So far no takers on either of my two most recent building trivia questions. The later isn't surprising; that's an absurdly difficult question. The former, though -- it's a building on the campus where we have readers. In fact, I saw on sitemeter that at least one reader from that school visited the blog after I put up the question. Whatever.

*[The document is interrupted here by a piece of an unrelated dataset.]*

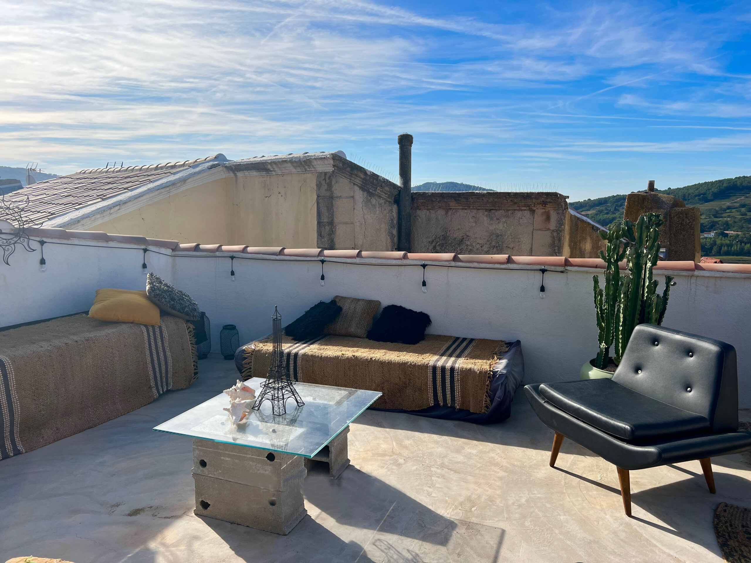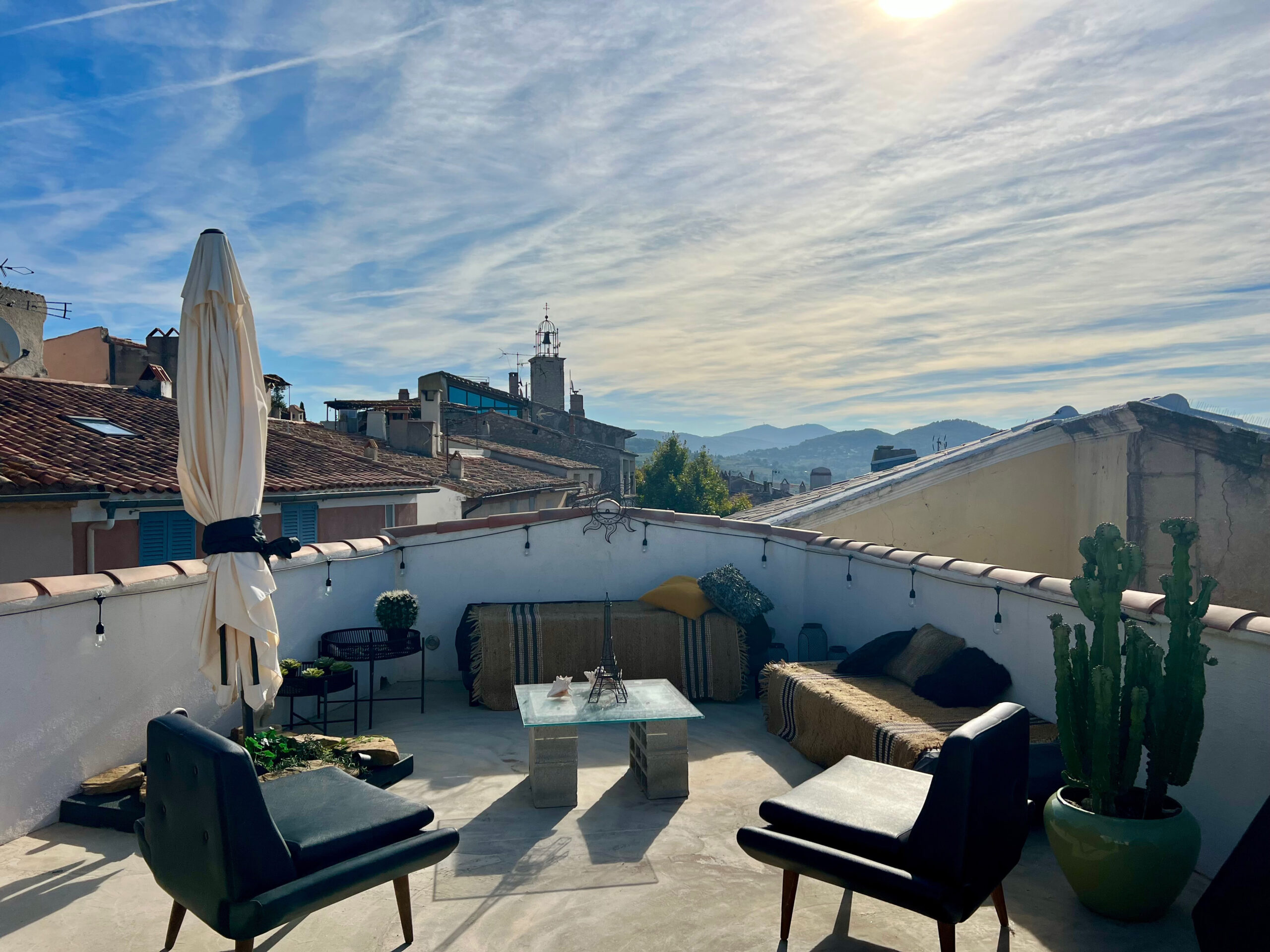 Et au sommet, la création d’une tropézienne de 30 m² a révélé la magie du lieu : une vue imprenable sur les deux clochers du village, les collines et jusqu’à la mer.

But I do have a more substantive and law-related trivia question. This is inspired by the essay on David Rabben's Law's History: American Legal Thought and the Transatlantic Turn to History that I'm working on. One of the many, many interesting lines of thought that runs through David's book is a question about the extent to which the Gilded Age was an era of "freedom of contract." (Or so that's how I read it -- this is really a subordinated piece of the story.) So that set me to ask, just when (and what) was the first judicial opinion in the United States to use the phrase "freedom of contract"?
What's the deal? Unless I put up a picture no one wants to play law trivia?!
Posted by: Alfred Brophy | August 16, 2012 at 09:20 PM
Okay I will bite and give the obvious answer: Charles River Bridge? framed as a question not to follow some formalistic rule, but because I am guessing...
Posted by: Shubha Ghosh | August 17, 2012 at 07:50 PM
Hey Shubha -- interesting guess. I don't think the phrase "freedom of contract" (as opposed to "freedom to contract") appears in any opinion until after the Civil War.
Posted by: Alfred Brophy | August 18, 2012 at 01:19 PM
The next obvious guess is Lochner or one of the SCt cases that followed. On a related note, when was the Takings Clause given its name?
Posted by: S Ghosh | August 18, 2012 at 09:15 PM
Freedom of contract does appear in Lochner, for sure. Though by then it was a common phrase. I think it's first used in an appellate opinion in the nineteenth century (though after the Civil War).